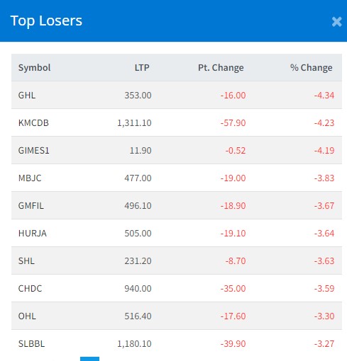 त्यस्तै, कालिका लघुवित्तको ४.२३ प्रतिशत, ग्लोबल आइएमई समुन्नती स्कीमको ४.१९ प्रतिशत, मध्य भोटेकोशी जलविद्युतको ३.८३ प्रतिशत र गुहेशोवरी मर्चेन्ट बैंकको ३.६७ प्रतिशतले घटेको हो ।
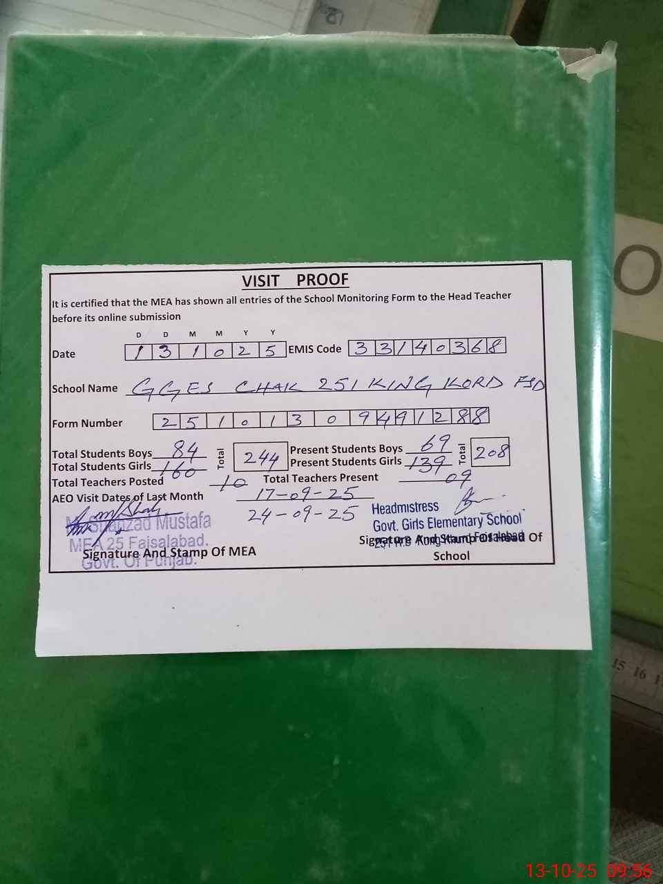 | Attendance Register | Head Teacher | MEA with School | Visit Proof |
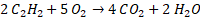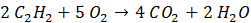 Na początku zapisz równanie reakcji spalania acetylenu. Wiedząc, że 2 mole acetylenu reaguje z 5 molami tlenu:
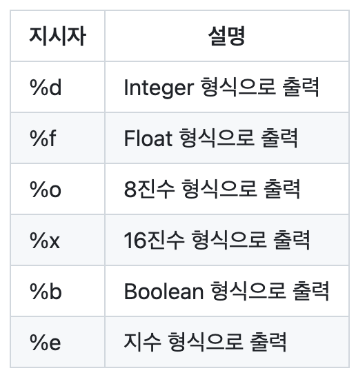 System.out.printf("%d 더하기 %d는 %d", 2, 3, 5); // 출력: 2 더하기 3은 5
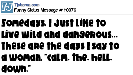 X says Somedays, I just like to live wild and dangerous... These are the days I say to a woman, "calm. the. hell. down."
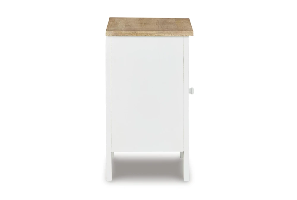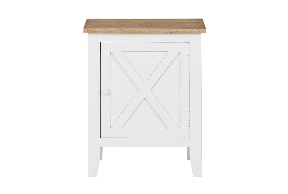 Made of solid and engineered wood in brown and cream finishes. Crossbuck door front. Wood door pull. 1 door and 1 shelf.
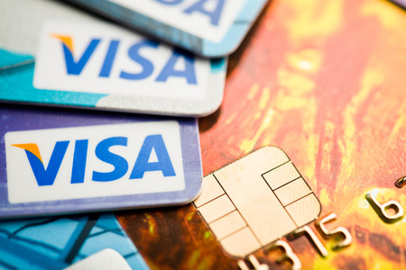 Bangkok, Thailand - 24 feb 2016 : close up of credit cards ,VISA card, product shot
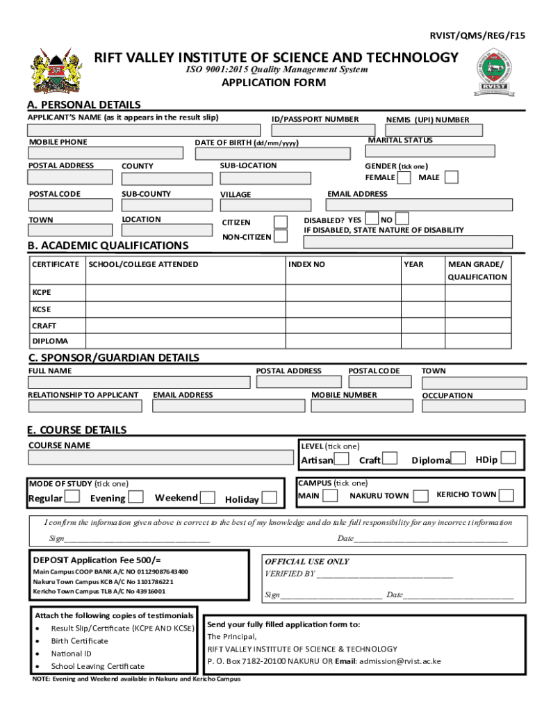RV IST/RMS/REG/F15RIFT VALLEY INSTITUTE OF SCIENCE AND TECHNOLOGY ISO 9001:2015 Quality Management SystemAPPLICATION FORM A. PERSONAL DETAILS APPLICANTS NAME (as it appears in the result slip) MOBILE
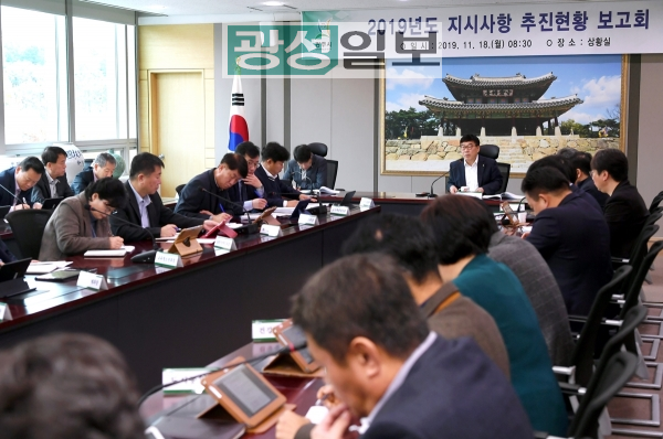 광주시는 18일 시청 상황실에서 신동헌 시장 주재로 간부공무원과 관련 부서장 등 40여명이 참석한 가운데 ‘2019년도 지시사항 추진현황 보고회’를 개최했다.
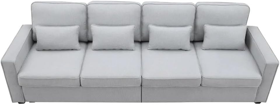 The sofa is made of solid wood frame,strong and . The seat bag is made of high-density sponge, which has good resilience.The linen fabric is characterized by absorption and breathability, thick and wear-resistant,it will not be stuffy when sitting for a long time.It has large seat depth, each seat can support 330lbs. very suitable for parties.To make the environment look neater,the sofa has some storage pockets on the side to storage magazines,phones,remote controls or others.High Adaptability: atmospheric design can meet many kinds of decoration .The large seat depth can brings you more comfortable feeling.Upholstery Material polyesterFrame Material:Solid + Manufactured WoodFrame Material Details:Solid Wood and plywoodLeg Material:PlasticSeat Fill Material:Foam; Pocket springSeat Construction:Sinuous SpringsBack Fill Material:PolyesterPackage Includes:1 x Sofa(no other presentation items included).Notice:1. Due to manual measurement, please allow 2-3% error, before you bid, please make sure you don't mind.2. The color may vary due to different displays, please refer to the actual product.
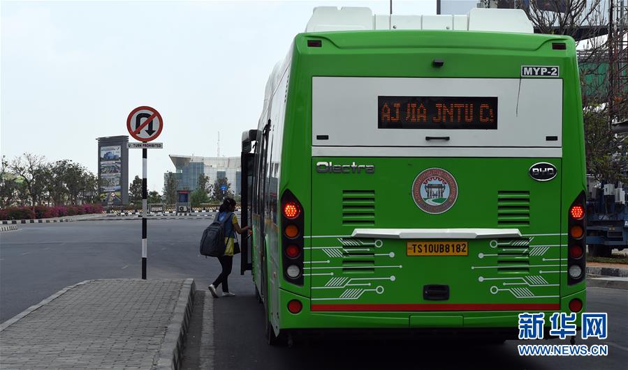 这是2019年3月26日,在印度海德拉巴市,乘客乘坐电动大巴出行。新华社记者张迺杰摄
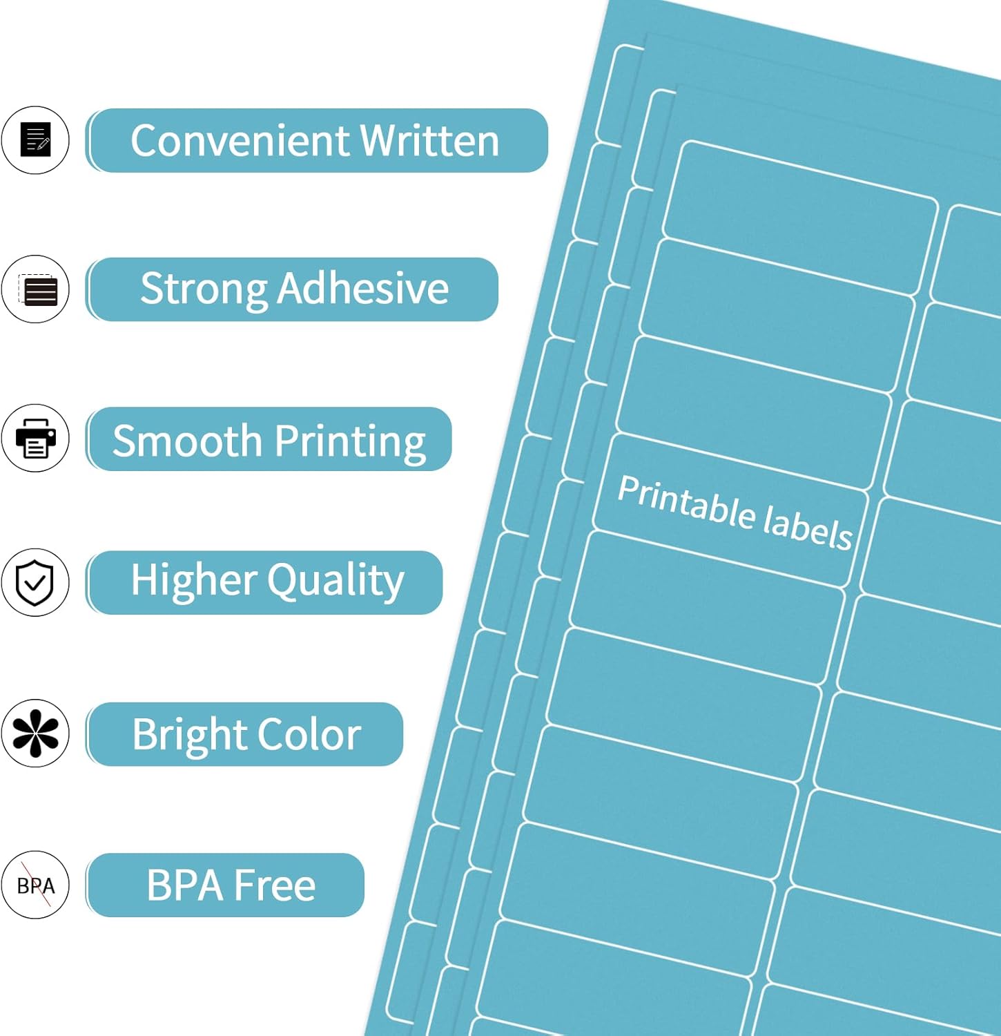 -1" x 2-5/8" Address Labels- Neon Color Stickers for Laser/Inkjet Printer mailing Labels 8.5"×11"-Lake Blue
──────────
__Instructions for the task__.
Without copying any images, transcribe the records exactly as they stand.

__Output of the task__.
 त्यस्तै, कालिका लघुवित्तको ४.२३ प्रतिशत, ग्लोबल आइएमई समुन्नती स्कीमको ४.१९ प्रतिशत, मध्य भोटेकोशी जलविद्युतको ३.८३ प्रतिशत र गुहेशोवरी मर्चेन्ट बैंकको ३.६७ प्रतिशतले घटेको हो ।
 | Attendance Register | Head Teacher | MEA with School | Visit Proof |
 Na początku zapisz równanie reakcji spalania acetylenu. Wiedząc, że 2 mole acetylenu reaguje z 5 molami tlenu:
 System.out.printf("%d 더하기 %d는 %d", 2, 3, 5); // 출력: 2 더하기 3은 5
 X says Somedays, I just like to live wild and dangerous... These are the days I say to a woman, "calm. the. hell. down."
 Made of solid and engineered wood in brown and cream finishes. Crossbuck door front. Wood door pull. 1 door and 1 shelf.
 Bangkok, Thailand - 24 feb 2016 : close up of credit cards ,VISA card, product shot
RV IST/RMS/REG/F15RIFT VALLEY INSTITUTE OF SCIENCE AND TECHNOLOGY ISO 9001:2015 Quality Management SystemAPPLICATION FORM A. PERSONAL DETAILS APPLICANTS NAME (as it appears in the result slip) MOBILE
 광주시는 18일 시청 상황실에서 신동헌 시장 주재로 간부공무원과 관련 부서장 등 40여명이 참석한 가운데 ‘2019년도 지시사항 추진현황 보고회’를 개최했다.
 The sofa is made of solid wood frame,strong and . The seat bag is made of high-density sponge, which has good resilience.The linen fabric is characterized by absorption and breathability, thick and wear-resistant,it will not be stuffy when sitting for a long time.It has large seat depth, each seat can support 330lbs. very suitable for parties.To make the environment look neater,the sofa has some storage pockets on the side to storage magazines,phones,remote controls or others.High Adaptability: atmospheric design can meet many kinds of decoration .The large seat depth can brings you more comfortable feeling.Upholstery Material polyesterFrame Material:Solid + Manufactured WoodFrame Material Details:Solid Wood and plywoodLeg Material:PlasticSeat Fill Material:Foam; Pocket springSeat Construction:Sinuous SpringsBack Fill Material:PolyesterPackage Includes:1 x Sofa(no other presentation items included).Notice:1. Due to manual measurement, please allow 2-3% error, before you bid, please make sure you don't mind.2. The color may vary due to different displays, please refer to the actual product.
 这是2019年3月26日,在印度海德拉巴市,乘客乘坐电动大巴出行。新华社记者张迺杰摄
 -1" x 2-5/8" Address Labels- Neon Color Stickers for Laser/Inkjet Printer mailing Labels 8.5"×11"-Lake Blue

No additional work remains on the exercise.